Life history. Leigh (1910) provided a fairly detailed description of the life history that was not improved until G.C. Clark’s detailed life history plate was published ( Dickson & Kroon 1978, Plate 28). Subsequently Migdoll (1988) provided photographs of the caterpillar and food plant, and Henning et al. (1997) of the caterpillar and pupa. We cannot add anything significant to these, but include SCC’s photographs of the penultimate and final instar caterpillar and pupa for comparison with other Hesperiinae   incertae sedis. The ovum is reported to be 2.0 x 1.8mm diameter x height, with ‘ 30-40 longitudinal ribs, a third of which stop part of the way up the side, the remainder joining in pairs to form a single very short rib just short of the micropyle’ (G.C. Clark in Dickson & Kroon 1978). The caterpillar ( Figure 38 View FIGURE 38 ) is distinctive due to the orange markings around spiracles A 1 –A 8, variable dark late instar head markings, and the variable dark anal plate, especially in the third to penultimate instars. The pupating caterpillar and pupa are covered with white waxy powder.

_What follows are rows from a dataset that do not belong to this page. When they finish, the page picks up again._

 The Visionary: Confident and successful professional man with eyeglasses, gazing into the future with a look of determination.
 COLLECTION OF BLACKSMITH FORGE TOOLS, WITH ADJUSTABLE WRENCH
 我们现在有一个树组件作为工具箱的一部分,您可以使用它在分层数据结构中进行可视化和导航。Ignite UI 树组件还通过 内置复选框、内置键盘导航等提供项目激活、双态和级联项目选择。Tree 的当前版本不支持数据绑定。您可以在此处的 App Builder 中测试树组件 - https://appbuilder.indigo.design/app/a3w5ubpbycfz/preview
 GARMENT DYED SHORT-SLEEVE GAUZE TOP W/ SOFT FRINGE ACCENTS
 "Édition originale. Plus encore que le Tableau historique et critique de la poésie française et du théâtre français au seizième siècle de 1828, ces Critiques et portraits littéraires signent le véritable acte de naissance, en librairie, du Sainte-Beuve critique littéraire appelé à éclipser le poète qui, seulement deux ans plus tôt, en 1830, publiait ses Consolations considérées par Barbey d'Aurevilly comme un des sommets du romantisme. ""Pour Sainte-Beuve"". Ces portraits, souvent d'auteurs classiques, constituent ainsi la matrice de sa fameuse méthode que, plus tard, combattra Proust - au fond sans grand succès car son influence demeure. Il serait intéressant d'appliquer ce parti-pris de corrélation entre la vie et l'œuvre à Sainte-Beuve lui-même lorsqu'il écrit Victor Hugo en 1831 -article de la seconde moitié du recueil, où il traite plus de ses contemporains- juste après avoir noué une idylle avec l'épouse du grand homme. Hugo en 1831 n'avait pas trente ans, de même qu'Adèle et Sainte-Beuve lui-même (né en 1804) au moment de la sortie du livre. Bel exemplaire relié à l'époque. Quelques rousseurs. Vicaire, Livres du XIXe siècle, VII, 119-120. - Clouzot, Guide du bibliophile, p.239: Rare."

Natural enemies. G.C. Clark (in Dickson & Kroon 1978) records that a tachinid, Thecocarcelia incedens (Rondani)   has been reared from the pupa –– the same species was also reared from Artitropa erinnyis erinnyis (Trimen)   , as discussed in (Cock et al. 2015). Based on an ovum preserved in ABRI (on Strelitzia, Margate, Natal   , South Africa, 28 Nov 1998), there is also at least one egg parasitoid that attacks M. fiara   .

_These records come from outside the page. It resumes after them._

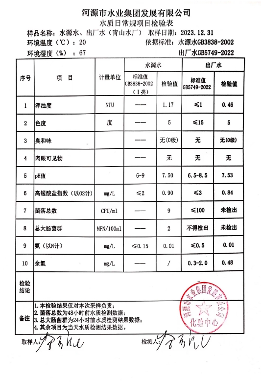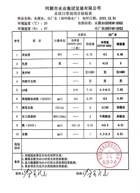 2023年12月31日水質(zhì)檢驗報告 ???
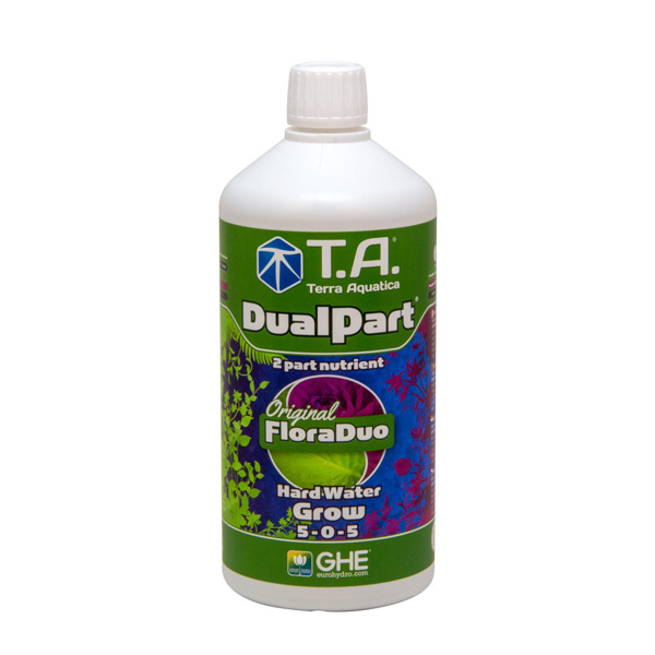 DualPart Grow Agua Dura de Terra Aquatica es el fertilizante perfecto para aguas duras. Su NPK equilibrado y activadores ecológicos garantizan un crecimiento sano y resistente. 💧🌱 ¡Dosis fácil y resultados visibles desde el primer uso!
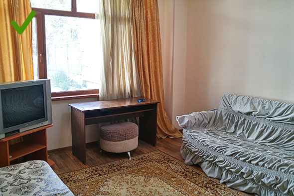 Если вы снимаете днем, оконные проемы лучше закрыть. В противном случае контровой свет с улицы перебьет освещение в комнате и сделает ее темной.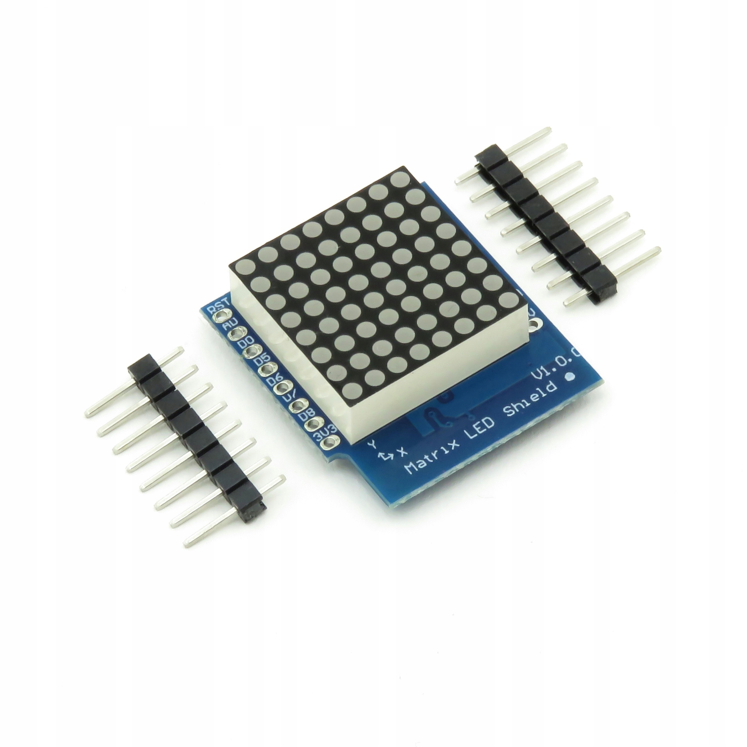 Модуль зі світлодіодною матрицею 8x8 для плат Wemos D1 Mini. Він оснащений світлодіодним драйвером AIP1640 і спілкується через інтерфейс I2C. Його живить 3,3 В. Його можна використовувати як дисплей простої графіки, серед іншого, у таких пристроях, як лічильники, годинники та лічильники.

Discussion. As noted in the introduction to Moltena   above, De Jong (1986) found that based on an analysis of adult characters Chondrolepis   seems to form a monophyletic group with Ploetzia   and Moltena   , with Zophopetes   as their nearest relative. We have illustrated the early stages of the sole species of Ploetzia   and three species of Zophopetes   in Cock et al. (2014), and of four species of Chondrolepis   in Cock & Congdon (2014). The food plants are varied: P. amygdalis (Mabille)   and Zophopetes   spp. are palm-feeders, Chondrolepis   spp. are grass feeders and M. fiara   feeds on Strelitzia   . We have not examined ova of Chondrolepis   spp., but the ova of Ploetzia   , Zophopetes   and Moltena   are all dome-shaped and ribbed, although the detail of the number and arrangement of the ribs is variable. The caterpillars of all four genera are broadly similar, although only M. fiara   has the dark anal plate and orange spots around the A 1 –A 8 spiracles and Chondrolepis   spp. have more conspicuous setae especially on the head. The pupae of Ploetzia   , Zophopetes   and Moltena   are all similar, having no real distinguishing features, being similar in shape, attached at the cremaster and with white waxy powder. In contrast, the pupae of Chondrolepis   spp., which are formed in shelters of rolled grass leaves, are more cylindrical, have a short down-turned frontal projection, have more developed setae dorsally and on the abdomen, lie free in the pupal chamber, are not attached at the cremaster, and have little or no white waxy powder. On balance, the early stages would seem to indicate that Ploetzia   , Zophopetes   and Moltena   show clear affinities, but Chondrolepis   are somewhat separated, although to some degree, this difference may be a reflection of adaptations by Chondrolepis   spp. to feeding on a relatively soft grass, and making a tight pupal chamber.